|A mother elephant and her calf|
Cameroon has recently witnessed a horrific massacre of 200 elephants by poachers in the past five weeks, according to activists. The International Fund for Animal Welfare (IFAW) warned that money being made from selling elephant tusks is adding a great deal of misery throughout the continent. The killings left many orphaned elephant calves, which have been spotted in Cameroon's Bouba Ndjida National Park. Their presence raised concerns among activists, fearing that they may die of hunger and thirst. While it is not known how many elephants remain in West Africa, the latest figures by the International Union for Conservation of Nature (IUCN) estimated that there were 1,000 to 5,000 in 2007. Activists stated that the fund blamed poachers from Sudan, who were said to cross through Chad to reach the remote northern wildlife reserve. They further added that ongoing shooting is making it impossible to carry out a detailed assessment. And although armed insurgents conducted poaching raids for years, the scale of this year's killings were called "massive and unprecedented." The incident led to American, British, European, and French embassies calling the nation's government to take urgent action to stop the slaughter.
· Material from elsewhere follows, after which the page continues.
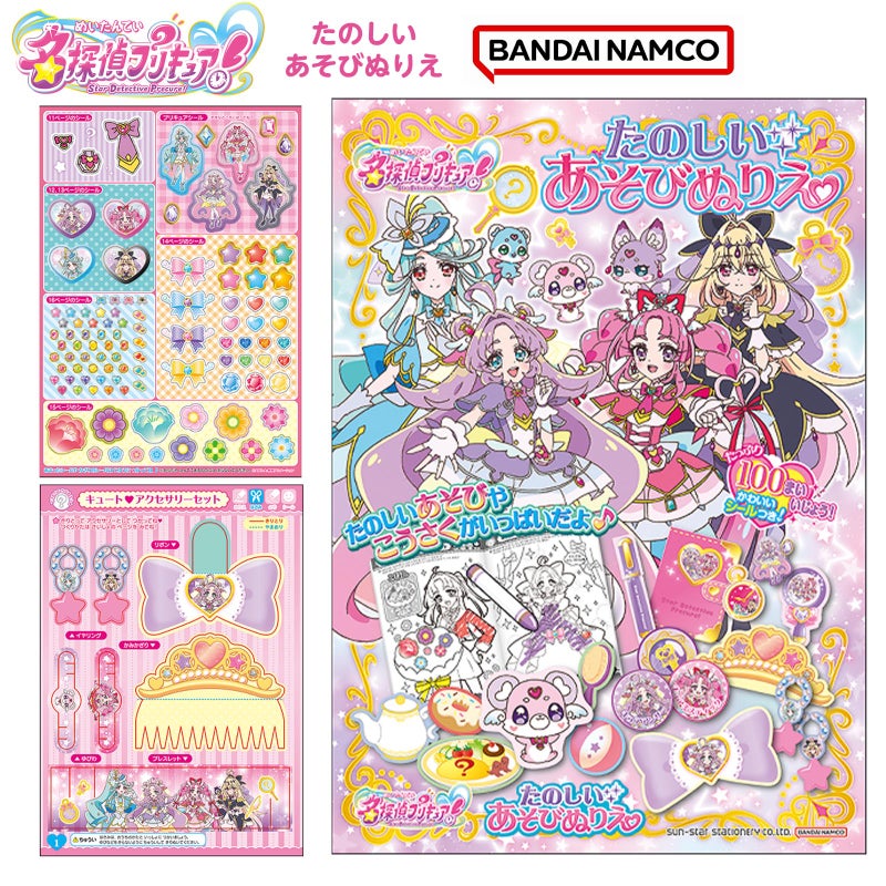 工作・シールあそびなどたっぷりあそべる!『名探偵プリキュア!』のかわいいシールなどがついたぬりえです。

The incident highlights one of the main reasons poaching should be dealt with in Africa. Poachers will use whatever force they can to conduct their illicit business, even if it means carrying out a massacre. Because of this, it is crucial the society should get involved in helping the authorities to put an end to this ongoing slaughter. While reaching out to the community and educating people about the dangers of poaching is one step, it would also be useful for the citizens to report any suspicious activities. This could lead to authorities getting a tip on what might appear to be a poaching activity. Just as people around the world generally report such activities concerning their own safety or their property's, people living near any wilderness areas should also do the same thing regarding the wildlife. This especially goes to people not just in Cameroon, but in other parts of Africa.